Ada dari dalam dan luar negeri. Ada beberapa kilang yang mungkin meng-exercise ini.

Adakah proyek kilang yang selesai pada 2019 saat akhir pemerintahan Jokowi?

Saya rasa belum ada yang selesai pada 2019. Kami berharap Kilang Balikpapan paling cepat. Dulu berharap awal 2020 selesai, tapi karena ada re-evaluasi maka akhirnya tertunda.

Bagaimana perkembangan program BBM Satu Harga untuk pemerataan?

Kami harus bangun infrastruktur dulu untuk BBM satu harga, yaitu SPBU dan agen penyalur yang resmi.

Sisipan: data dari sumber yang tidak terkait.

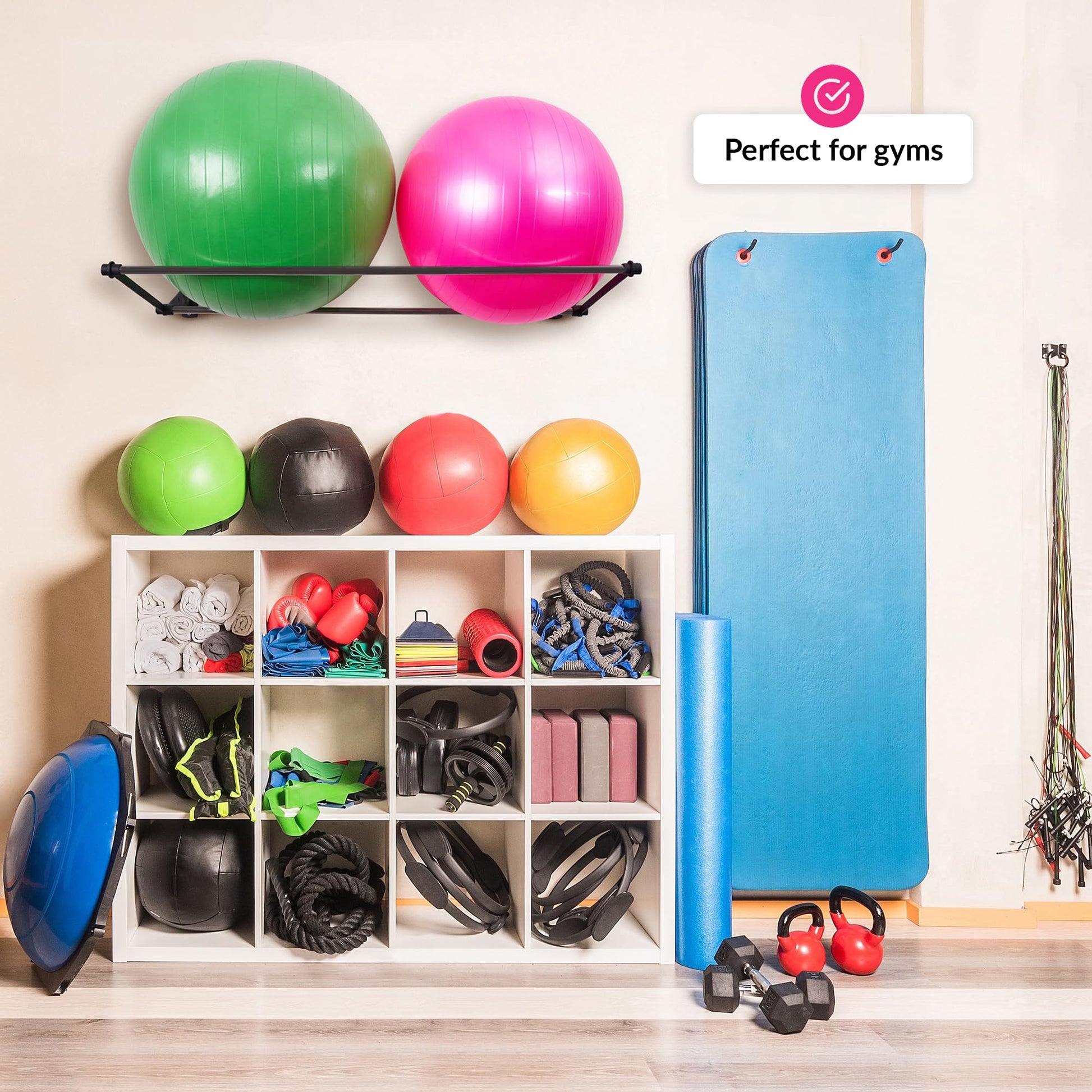 - 【MAXIMIZE YOUR SPACE】Make the most of your workout routine with the yoga ball holder. Made with high-quality materials, our rack is built to last. Your exercise balls will stay securely in place while not in use. Perfect for home gyms, personal training studios, and physical therapy clinics.

Dari data yang ada, kami berharap tahun ini sudah 58 lokasi yang menerapkan BBM satu harga. Tahun depan, direncanakan bertambah 52 lokasi dan pada 2019 sebanyak 46 lokasi. Jadi, rencananya total ada 156 lokasi yang sudah BBM satu harga.

.

Mengapa programnya BBM satu harga?

Ini untuk pemerataan. Kalau harga listrik sama, tapi kalau BBM tidak, bagaimana melakukan pemerataan. Kalau ini disamakan, bisa mengendalikan inflasi di daerah juga. Hal ini penting karena di Papua misalnya, harga BBM sampai Rp 50 ribu sehingga inflasinya tinggi dan akan merembet ke mana-mana.

Dari sisi rasa keadilan, pantas tidak saudara kita di Papua menikmati BBM yang sama dengan di Pulau Jawa? Harusnya pantas. Negara harus hadir, ini yang dinamakan Energi Berkeadilan. Bagaimana energi berkeadilan, sementara ada saudara kita tidak mendapatkan listrik dan BBM masih mahal.

Apakah program ini sudah membuahkan hasil?

Harga barang-barang di beberapa lokasi sudah turun. Kami pantau setiap saat. Kalau per daerah, berapa dampak inflasinya. Memang rata-rata nasional kontribusi inflasi di sana mungkin kecil. Tapi at least, we do something. Tentu tidak mungkin mengharapkan negara tetangga membantu kita.

Apa tantangan membangun infrastruktur?

Infrastruktur yang pertama. Yang kedua dan lebih berat adalah membangun mindset, karakter bangsa ini bahwa program pemerintah tersebut bertujuan untuk menurunkan harga. Praktik di lapangan kadang-kadang tidak sesuai dengan yang diharapkan. Kami tidak menutup mata soal itu. Misalnya, tiba-tiba di tingkat SPBU harga segitu, tapi pengecer membeli lebih dulu. Akibatnya, harga di masyarakat tinggi juga.

Ada cost Pertamina?

Ada, karena ini memang penugasan. Tapi tidak berarti biaya tersebut tidak kami kompensasikan dengan cara yang baik. Kami sedang cari caranya yang lebih elegan untuk mengkompensasi biaya itu. Kami juga melihat Pertamina itu BUMN dan juga patuh terhadap UU BUMN (yang harus profit).

Apakah BPK tidak akan mempersoalkannya?

Ini penugasan. Tentu ada biaya untuk yang ditugasi. Secara governance saya rasa correct. Yang sedang kami cari itu soal komersialnya.

Ada kemungkinan swasta ikut BBM Satu Harga?

Kami sedang evaluasi dampaknya seperti apa. Karena kebijakan tidak bisa tiba-tiba keluar tanpa evaluasi. Karena ini penugasan, apakah Shell, misalnya, bersedia ditugasi untuk jual rugi? AKR mau, tapi harus dilihat secara komprehensif.